Once mum was transferred into a ward room, she had access to her own phone situated on the beside table. During the time that her health appeared to be improving, she decided she would like to try to make some phone calls. She managed to call my aunt, and of course, my dad. She also made the effort to call her best friend from childhood, and one of her cousins who had called her. Sadly, she missed them both but, she was able to leave a voicemail for them.

Those were all treasured phone calls. They ended up being her way to say goodbye.

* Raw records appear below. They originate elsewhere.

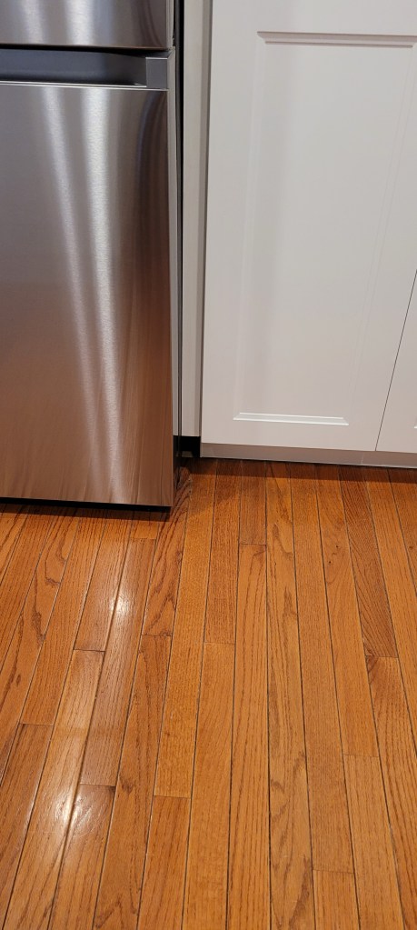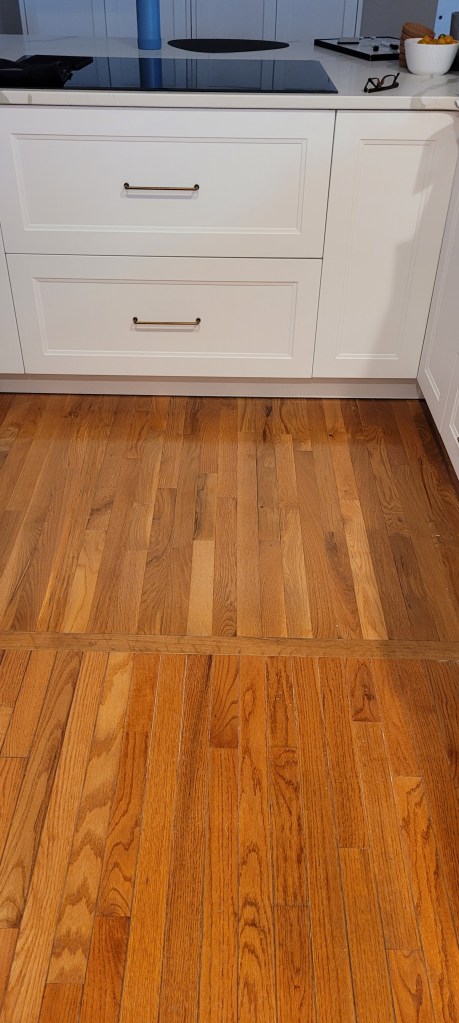 Insult to injury came when they said they could not “lace” the two floors together. I think it coulda been done and I regret not nudging a little more forcefully. I can only say we were still in shock at seeing the two different colors side by side to pay much attention to the HORI-FLIPPING-ZONTAL line that is now in the galley part of our kitchen.
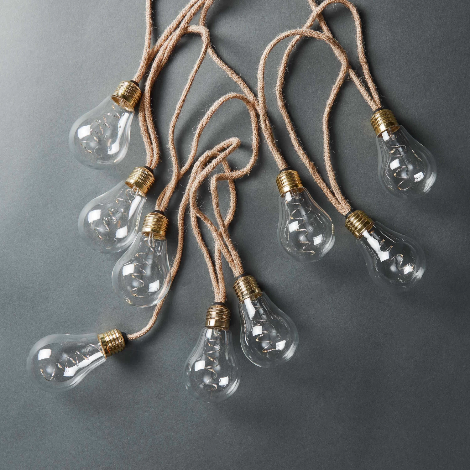 LED Lichterkette Mit Naturseil 15 Lichter Und Stecker BULB LIGHTS In Natur
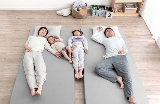 (画像:連結されていない2枚のマットに家族で寝たイメージ)

A week later, mum passed away.

If your parent does not have access to a hospital phone, offer to let them use your mobile phone while you are visiting with them.

 

Stay tuned to the blog for more advice for helping your parent in hospital…coming soon.

 

 

 

 

 

 

 

 

 

  1. January 17, 2017

    Sonya

    I am so sorry for your loss, Sandy. This is a great resource, and as we’re entering this reality in our own family, will be sharing with our followers.

    Take good care.

    • January 17, 2017

      Sandy

      Hi Sonya! Thanks so very much. I appreciate it. I am also so very sorry to hear that you are entering this reality in your own family. It’s a very difficult time…and for me it still is. I miss my mum every single day. Thank you so much for sharing! I sure hope it helps you and others, Sonya. You take care as well. xo

  2. January 2, 2017

    Elizabeth Vlug

    Sandy, first I want to say how sorry I am about your mother’s passing in October. The love you have for her oozed from the page and brought tears and memories back for me. I am blessed to still have my mom, but my dad died 6 years ago. It hit me so hard after taking care of him for the last 4 years of his life, often in hospital. And being a nurse, a lot of the care and decisions seem to fall onto me. Your article brings up some excellent points and should help numerous people during an emotional time. Thank you for sharing.

    • January 2, 2017

      Sandy

      Thank you so very much for your kind words, Elizabeth. It means a lot that you could tell how much I loved my mother <3 I am so sorry that you lost your dad (but glad to hear your mom is still with you). I can most certainly understand how much of his care, and the decisions that were needed to be made, must have fallen on your shoulders. Everyone must have been relying on your professional expertise and knowledge. That must have put extra stress on you though, at the time. Your comments mean a lot to me, especially since you know exactly what it's like in hospital - from both sides of the fence. Thanks again, Elizabeth!

  3. January 1, 2017

    Silvia D

    Thank you! My 84 year old father just went into the hospital a few days ago and will never go home, hearing those words hit you hard! He was stopping eating and drinking and fell and has diabetes and just recently had a few small strokes in the brain…his vitals are now better and they say that it will be 6 weeks in hospital bed then palliative care. Since this is very new to me with a parent in hospital all your advice /experience is so informative and appreciated! my mind is spinning..

    • January 1, 2017

      Sandy

      Ohhh Silvia! My heart goes out to you! I’m so very sorry to hear about your dad 🙁 . Those are terribly hard words to hear. So much of what you say is so familiar to me. I truly hope this post helps. I have so much more info, which I plan on writing about. In the meantime, if you have any questions, or just need someone to chat with, please feel free to email me at canadianbloghouse@ gmail.com . Hugs to you, Silvia. I hope your dad is ok 🙁 .

  4. January 1, 2017

    Christina

    This is very good advice Sandy. Hopefully it will help others. I know it will help me!

    • January 1, 2017

      Sandy

      Thanks Christina! I sure hope it helps. I learned so much from mum being in hospital that I thought I should share what I learned – and I know she would be happy if it helps some people 🙂 Thanks for stopping by!